Clinical studies use both disease-specific and generic health outcomes measures. Disease-specific measures focus on health domains most relevant to the clinical population, while generic measures assess overall health-related quality of life. There is little information about which domains of the Oswestry Disability Index (ODI) are most important in determining improvement in overall health-related quality of life, as measured by the 36-Item Short Form Health Survey (SF-36), after lumbar spinal fusion.
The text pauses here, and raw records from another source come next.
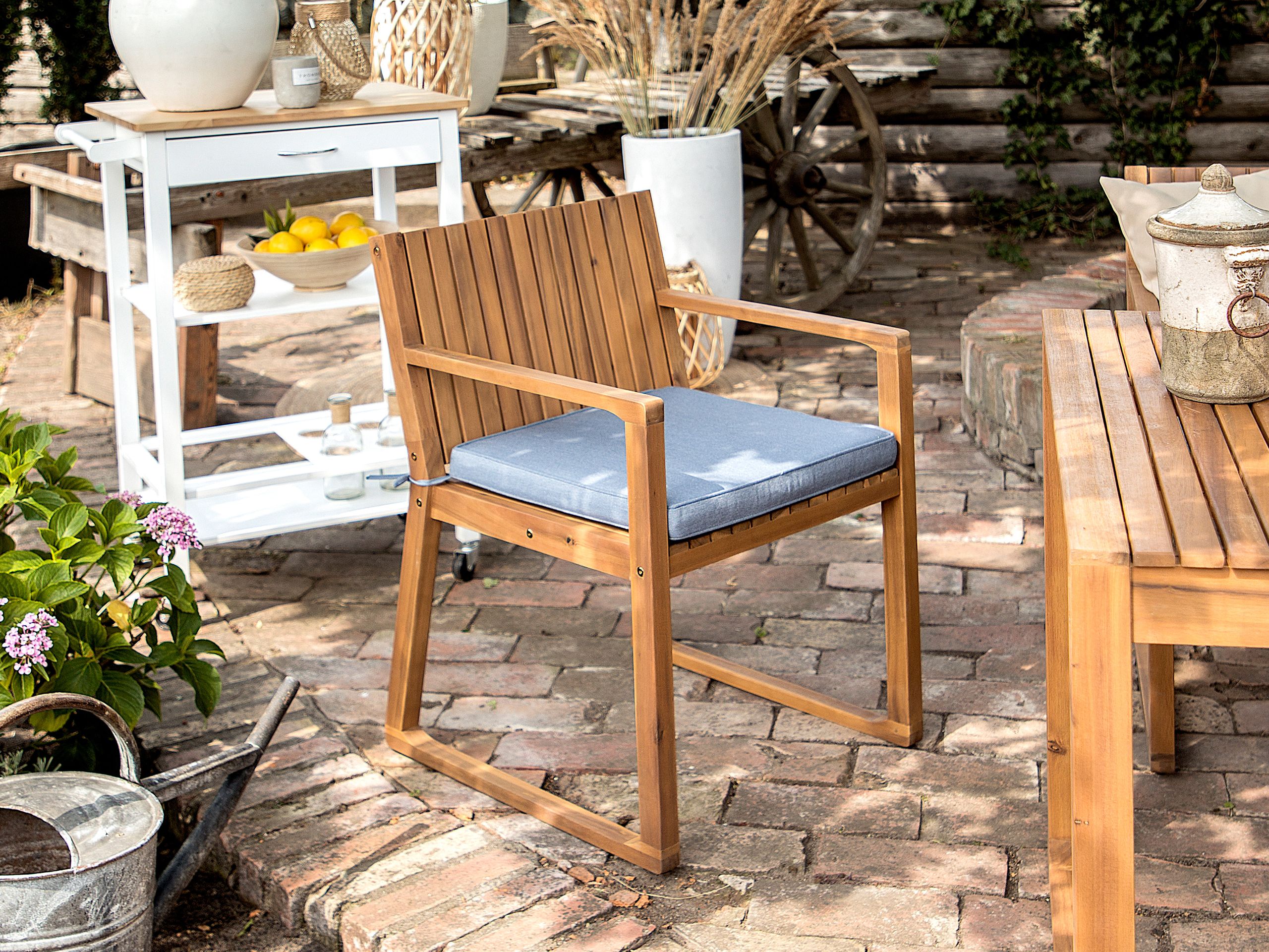 Modernit istuintyynyt puutarhatuoleille. Tämä käytännöllinen pehmuste tarjoaa lisämukavuutta istumiseen. Laadukas materiaali on UV- ja kosteudenkestävä ja sitä voidaan käyttää ulkotiloissa. Sen moderni väri tekee siitä sopivan useisiin erilisiin sisustustyyleihin. Päällinen on varustettu vetoketjulla ja voidaan poistaa tarpeen mukaan ja pestä käsin.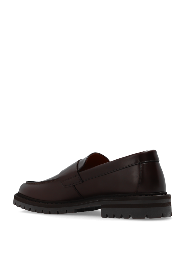 Dark brown loafers from Common Projects. Made of smooth leather, this slip-on pair features a gold-tone series print and rubber sole in brown and grey.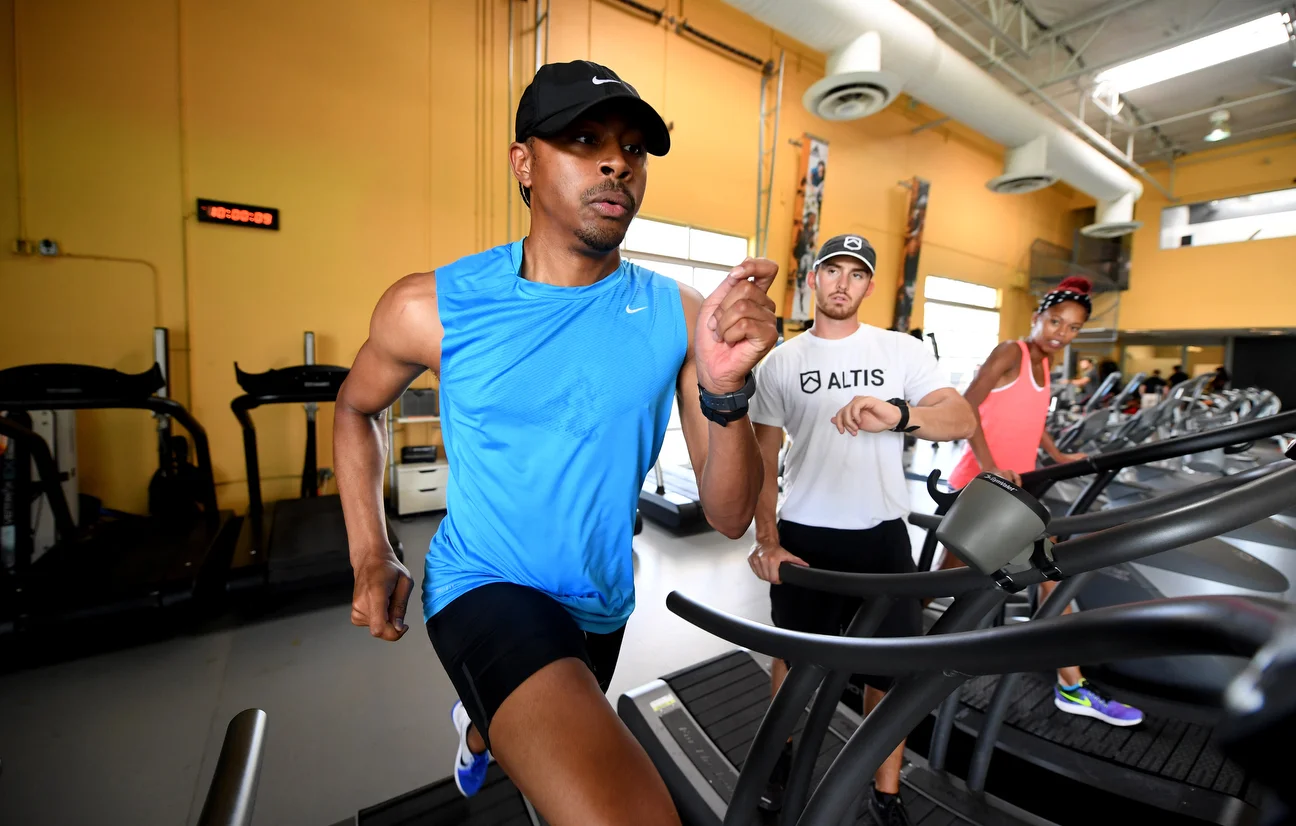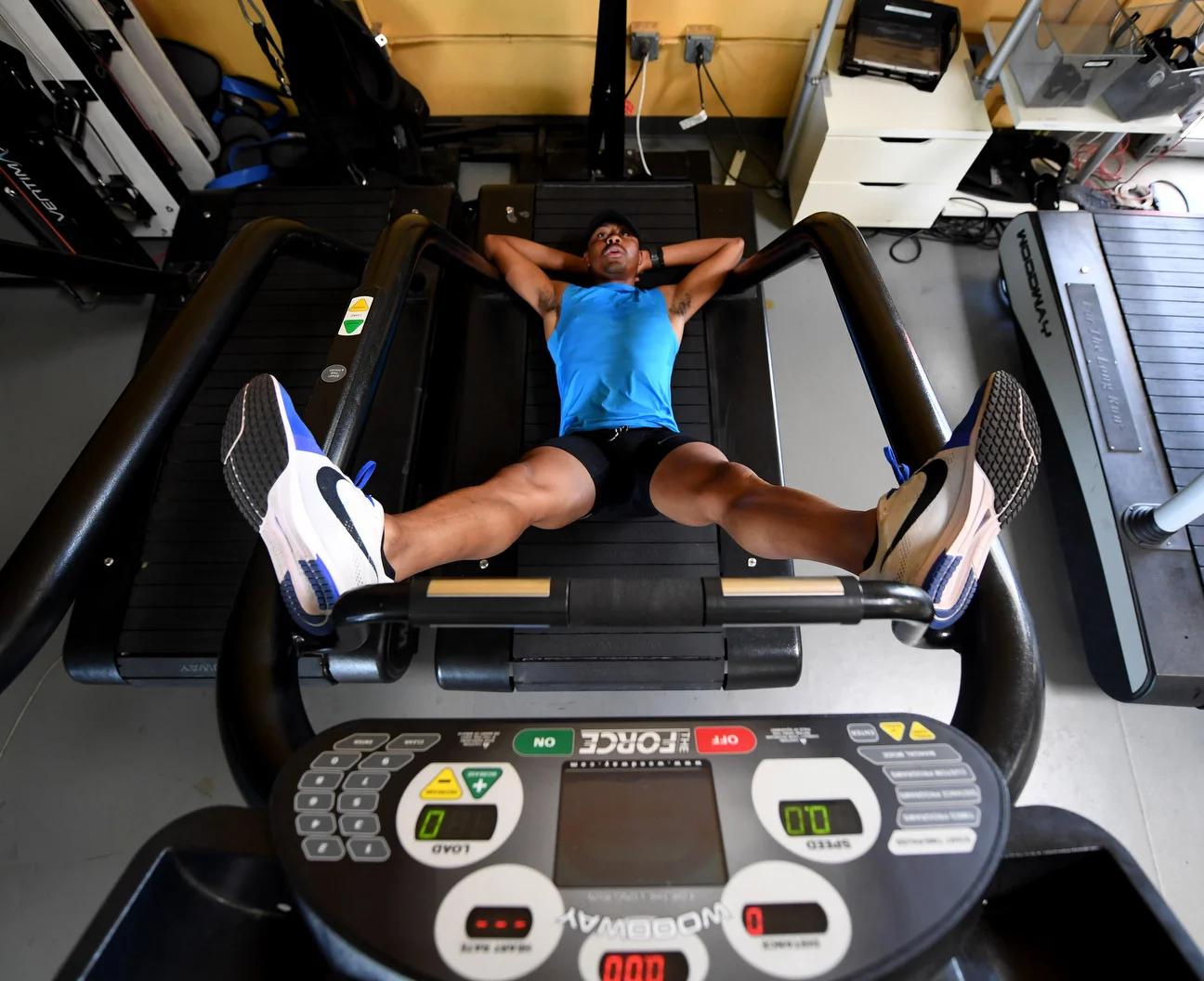 If anyone deserves a relaxing cooldown, it's Merritt, seen here stretching out on a treadmill at the EXOS facility in Scottsdale, Arizona. The Olympic athlete underwent a kidney transplant last September.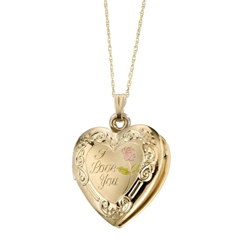 A wonderful gift for the one you love, the 14k Yellow Gold "I Love You" Heart Locket with Pink Rose Pendant offers a classic and elegant design. Resting from an 18-inch rope chain is a classic yellow-gold heart locket with ornate swirls that frame the shape. The inside of the heart contains beautiful script that reads, "I Love You," accented with a pink rose. Crafted with the quality and sophistication seen in all Duragold jewelry, this timeless pendant will be enjoyed year-after-year.Duragold i...Read More at Amazon.com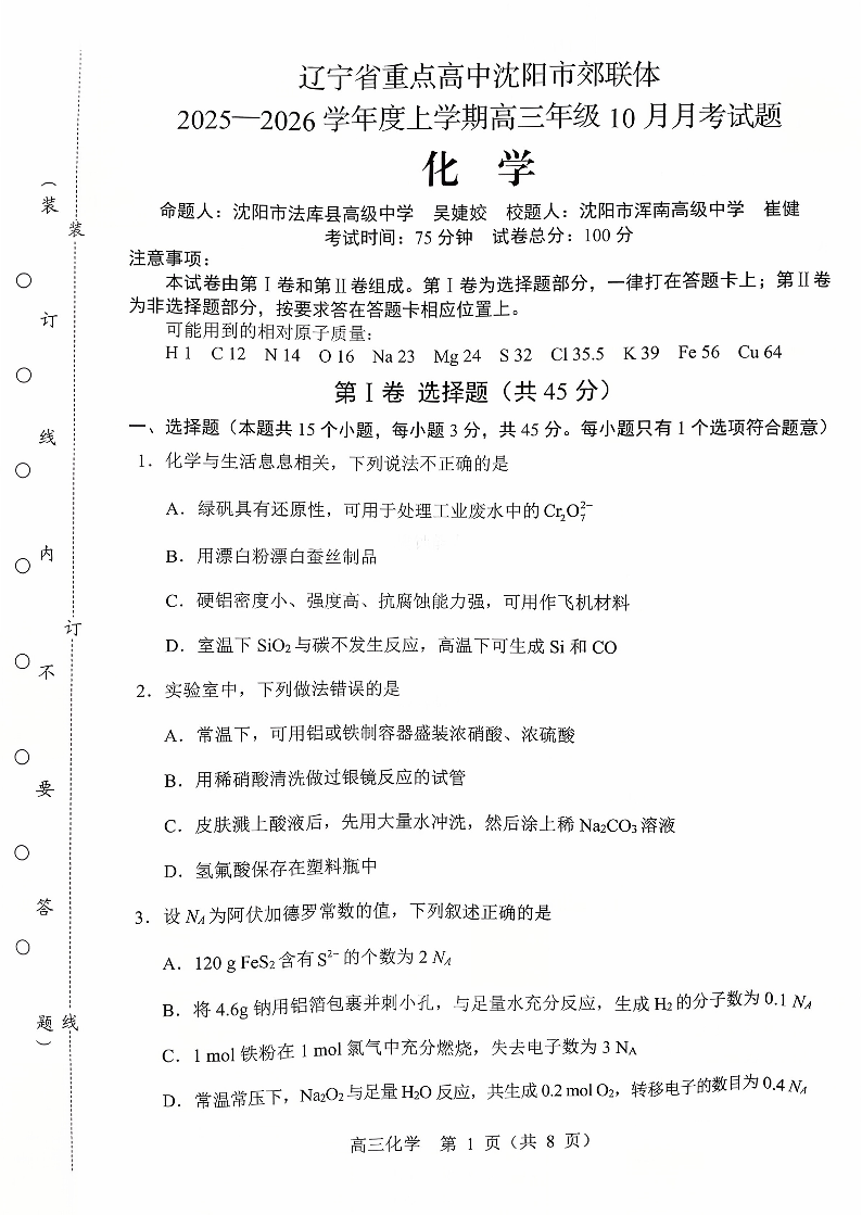 辽宁省重点高中沈阳市郊联体2026届高三年级10月月考 化学试题(含答案).pdf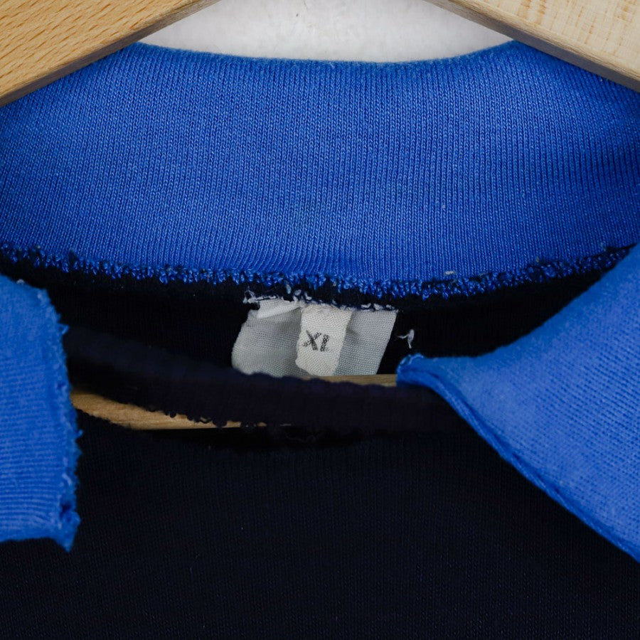Official Napoli tracksuit jacket from the 1991/1992 season, produced by technical sponsor Umbro. This iconic item features the traditional colors of light blue and navy, with the Umbro logo embroidered on the chest and "S.S.C. Napoli" lettering completing the design. The commercial sponsor Voiello is prominently displayed on the front and back, adding a distinctive touch. Featuring a polo collar and elasticated cuffs and hem, this jacket in size XL is a rare and sought-after piece for football enthusiasts.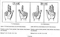 10 eta 15en arteko bi zenbaki biderkatzeko, esku bakoitzean biderkagai bat eta 10en arteko diferentzia adina hatz makurtzen zuten; makurtutako hatzen kopurua 10az biderkatzen zuten buruz; gero bi eskuetan jaitsitako hatz-kopuruak biderkatu eta azkenik bi emaitza horiek eta 100 batzen zituzten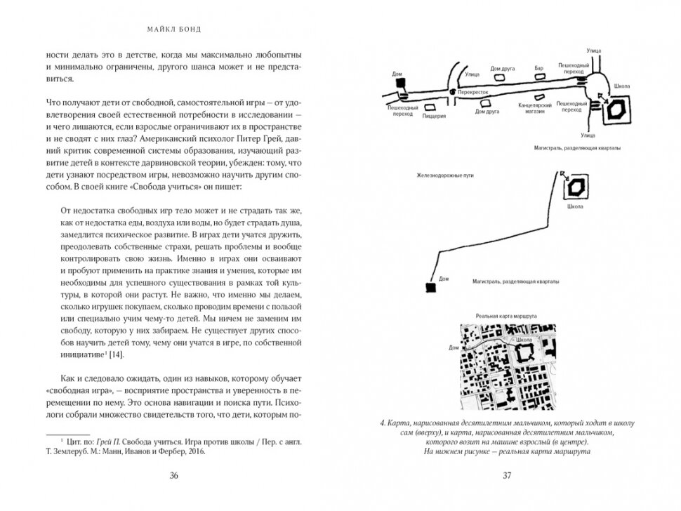 "Тот факт, что мы теряемся не так уж часто, можно считать чем-то вроде чуда. Окружающий мир бесконечно сложен, и все же большинство из нас могут ориентироваться в нем. Мы способны идти по незнакомым улицам, придерживаясь определенного направления, сокращать путь, прокладывая новые маршруты, и по прошествии многих лет помнить места, где были всего один раз. Это поразительные достижения. Одна из задач этой книги состоит в том, чтобы объяснить, как мы это делаем: как наш мозг составляет когнитивные карты, которые помогают ориентироваться даже в незнакомых местах. Но что еще важнее, книга рассказывает о наших взаимоотношениях с миром, о том, как понимание окружающего мира влияет на психологию и поведение". (Майкл Бонд)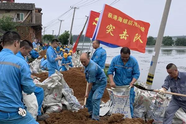 集團下屬企業都主動參與到當地防汛救災中。近日,荻港海螺嚴格按照繁昌縣防汛指揮部統一部署,抽調100余名員工參與到當地防汛搶險工作中,連續加班至深夜,圓滿完成了荻港鎮慶大圩子埂250米河堤加固任務,配合荻港鎮政府開展蘇保圩河堤加固、填裝防汛沙袋,并安排人員24小時輪流值守,協助地方做好巡堤和緊急情況處置工作,共同筑起防汛救災的堅固防線。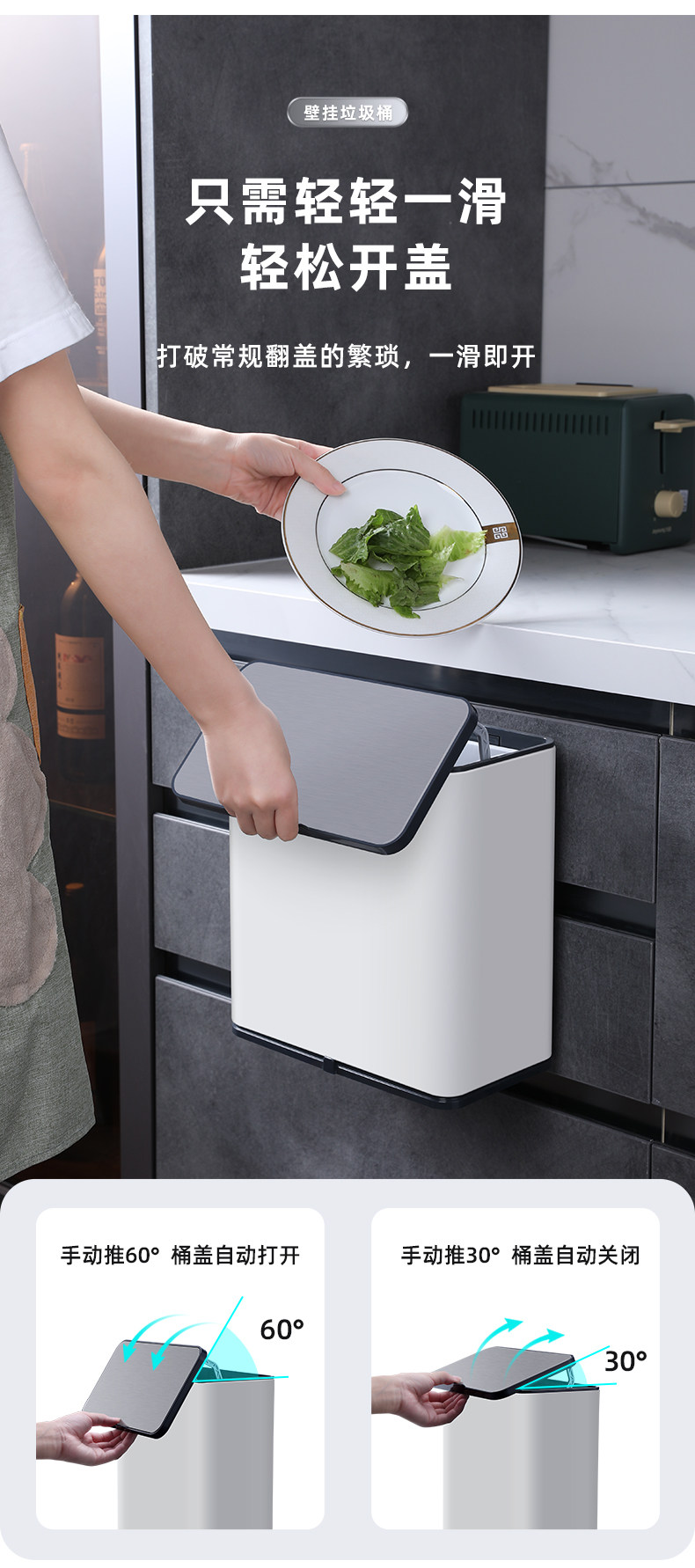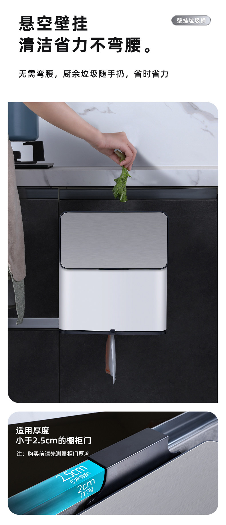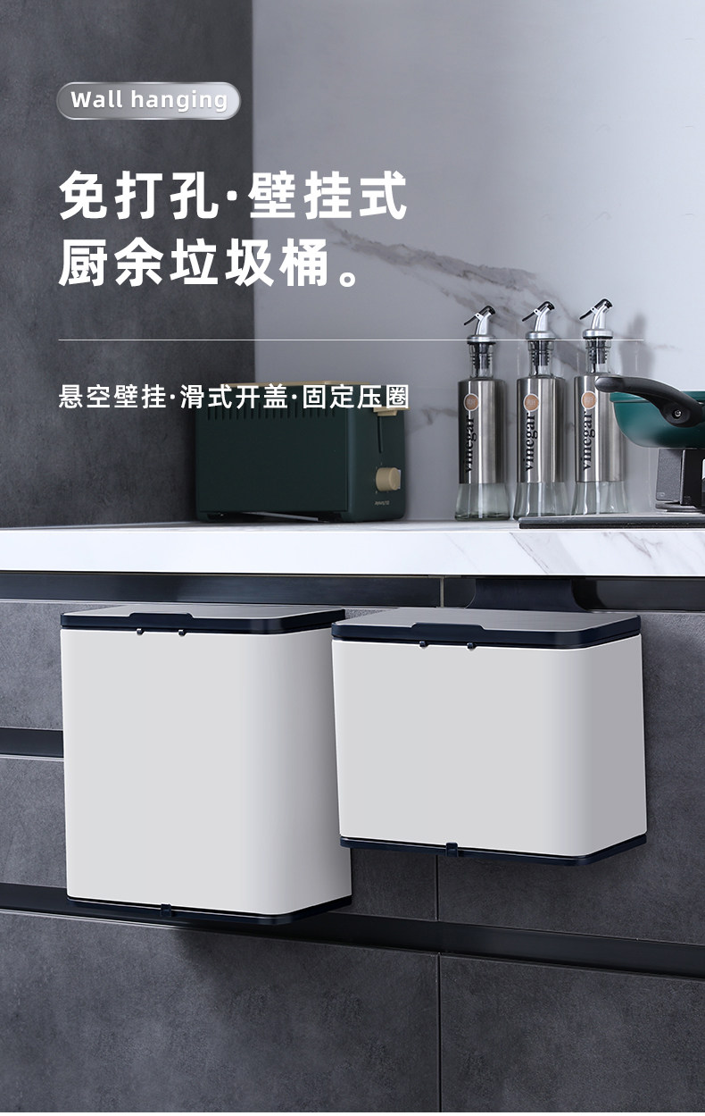 跨境厨房挂式垃圾桶家用壁挂创意厨余橱柜门悬挂式挂壁垃圾筒批发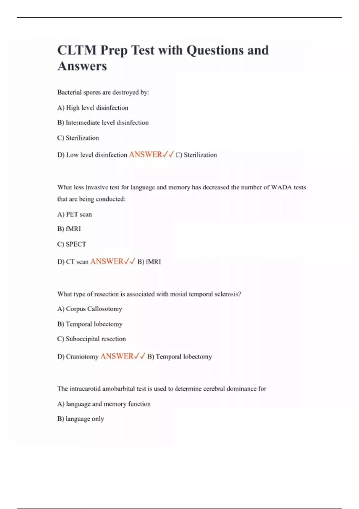 CLTM Prep Test with Questions and Answers Bacterial spores are destroyed by: A) High level disinfection B) Intermediate level disinfection C) Sterilization D) Low level disinfection ANSWER C) Sterilization What less invasive test for language and memory has decreased the number of WADA tests that are being conducted: A) PET scan B) fMRI C) SPECT D) CT scan ANSWER B) fMRI What type of resection is associated with mesial temporal sclerosis? A) Corpus Callosotomy B) Temporal lobectomy C) Suboccipital resection D) Craniotomy ANSWER B) Temporal lobectomy The intracarotid amobarbital test is used to determine cerebral dominance for A) language and memory function B) language only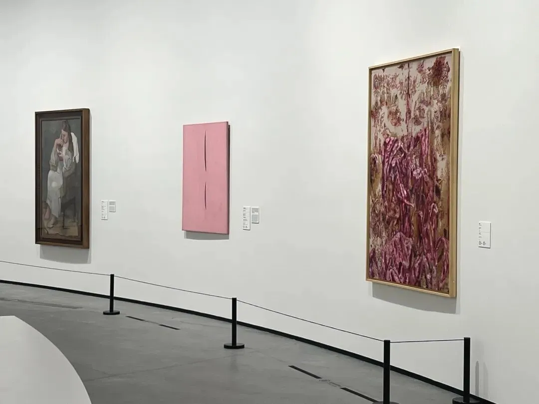 作为粉色单元的第一件作品,蔡锦1998年创作的《美人蕉146》旁边是一张粉色的卢齐欧·丰塔纳作品《空间概念,期待(T. 104)》。策展人这样的有意为之,形成了独特的对立统一。

The objective of the study is to determine which clinical elements assessed by the ODI most influence improvement of overall health-related quality of life.

Methods

A single tertiary spine center database was used to identify patients undergoing lumbar fusion for standard degenerative indications. Patients with complete preoperative and 2-year outcomes measures were included. Pearson correlation was used to assess the relationship between improvement in each item of the ODI with improvement in the SF-36 physical component summary (PCS) score, as well as achievement of the SF-36 PCS minimum clinically important difference (MCID). Multivariate regression modeling was used to examine which items of the ODI best predicted achievement for the SF-36 PCS MCID. The effect size and standardized response mean were calculated for each of the items of the ODI.

Results

A total of 1104 patients met inclusion criteria (674 female and 430 male patients). The mean age at surgery was 57 years. All items of the ODI showed significant correlations with the change in SF-36 PCS score and achievement of MCID for the SF-36 PCS, but only pain intensity, walking, and social life had r values > 0.4 reflecting moderate correlation. These 3 variables were also the dimensions that were independent predictors of the SF-36 PCS, and they were the only dimensions that had effect sizes and standardized response means that were moderate to large.

Conclusions

Of the health dimensions measured by the ODI, pain intensity, walking, and social life best predicted improvement in overall health-related quality of life, as measured using the SF-36 PCS.